Selby’s show closes on Feb. 17 and if you have not taken the opportunity, it is one collection that truly must be viewed in a museum or gallery setting. The meticulous detail, the almost journalistic objectivity, and the stored energy in Salisbury artist Selby’s images bring to mind the work of cinematographer Raoul Coutard’s work with Costa-Gravas on Z , Haskell Wexler’s work on Medium Cool, and the lush images that Michael Chapman created for Taxi Driver.
This could be because of Selby’s chosen subject matter. The most dynamic and evocative pieces in Misunderstanding are “Double Riot” and “Light Blue Riot” both of which were created from news photographs documenting the 1968 riots in France that began as student strikes then led to an almost complete shutdown of the country and President Charles De Gaulle to flee to Germany. Selby’s work takes on even more poignancy when one reflects on the fact that those riots and strikes were a complete failure for the students and the unions. De Gaulle returned to France and in elections following the ’68 street battles emerged from the fray more politically entrenched than ever. Selby journalisticly tells the viewers of his work this narrative with his piece “Progaulist” which shows De Gualle and his followers in a parade dominated by the Arc de Triomphe de l’Étoile.
Shelby’s artistry and craft is evident in these meticulous works created with graphite on paper laid over the original photographs. His use of iconography is thoughtful and Selby’s 21st Century sensibility brings an immediacy and veracity to his work that cannot be denied. The strongest piece in the show is “Chechen” which was created from a video still taken in of a rebel fighter in Chechnya. The sense of movement and kinetic energy in this piece brings Selby’s craft to the fore. He has a comic book artist’s eye (In fact “Chechen” particularly brings to mind the work of Marvel Comics Bryan Hitch.)

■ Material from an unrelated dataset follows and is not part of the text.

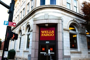 The photograph captures the imposing exterior of a Wells Fargo branch, characterized by its classic architectural details and crisp signage. Bright natural light highlights the stonework and large windows, creating a welcoming yet professional atmosphere. The presence of street signs and traffic lights adds dynamic context to this urban setting.
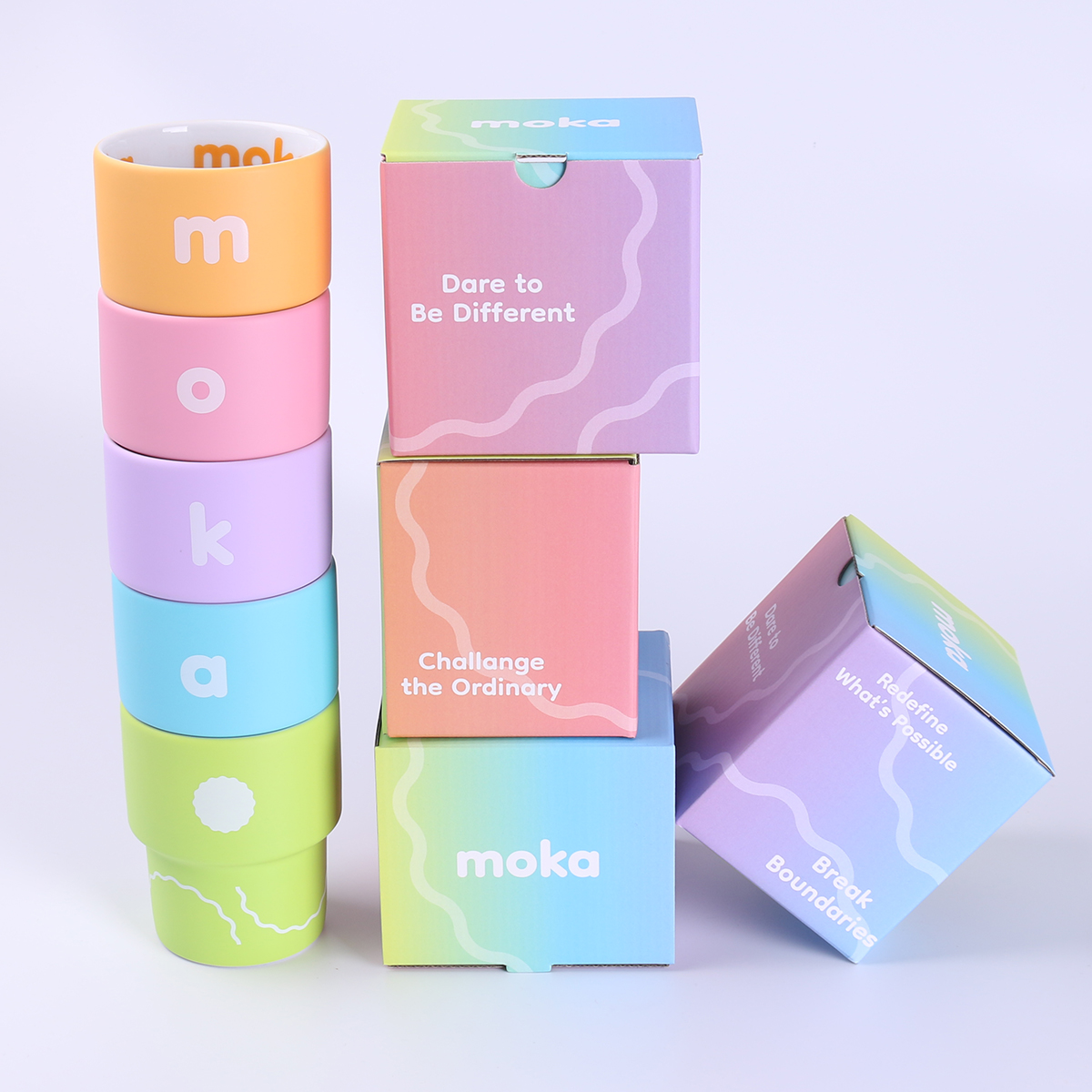 Becher im Retro-Stil, erhältlich in mehreren Farbvarianten. Seine einzigartige Form ermöglicht das Stapeln, wodurch Platz gespart und interessante Sets erstellt werden können.

The choice of Taxi Driver for the Feb. 7th screening is an apt one. Paul Schrader and Martin Scorsese’s impressionistic nightmare is not only now a bench mark of 1970’s American malaise it is timely examination of the self-deceit, contradictions, and underlying violence of American culture that leads individuals to lash out in spectacularly bloody and in the end depressing ways. Schrader’s ending has a special resonance in the 21st Century reality of Sandyhook and Jared Loughner where the villains are lashed up high as media icons so that the rest of us might have at them ourselves in seemingly endless cycles of self-flagellation and self-righteousness.
Taxi Driver and Misunderstanding share a penchant for apocalyptic iconography and violent action while offering up a personal and sometimes claustrophobic subjective point of view. “Progaulist” and Taxi Driver certainly share an outsider’s view of politics where the political and the street world are operating under a total and complete disconnect. The upper economic and political classes seem fascinated with the plight and the blight in the end that fascination amounts to no more than a prurient, almost adolescent distraction.
The Taxi Driver screening is $5.00 and will take place at 7pm on Thursday February 7th. Get there early so that you can spend some time with Frank Selby’s Misunderstandings then join in what is bound to be one of the most interesting conversations in Winston-Salem this week.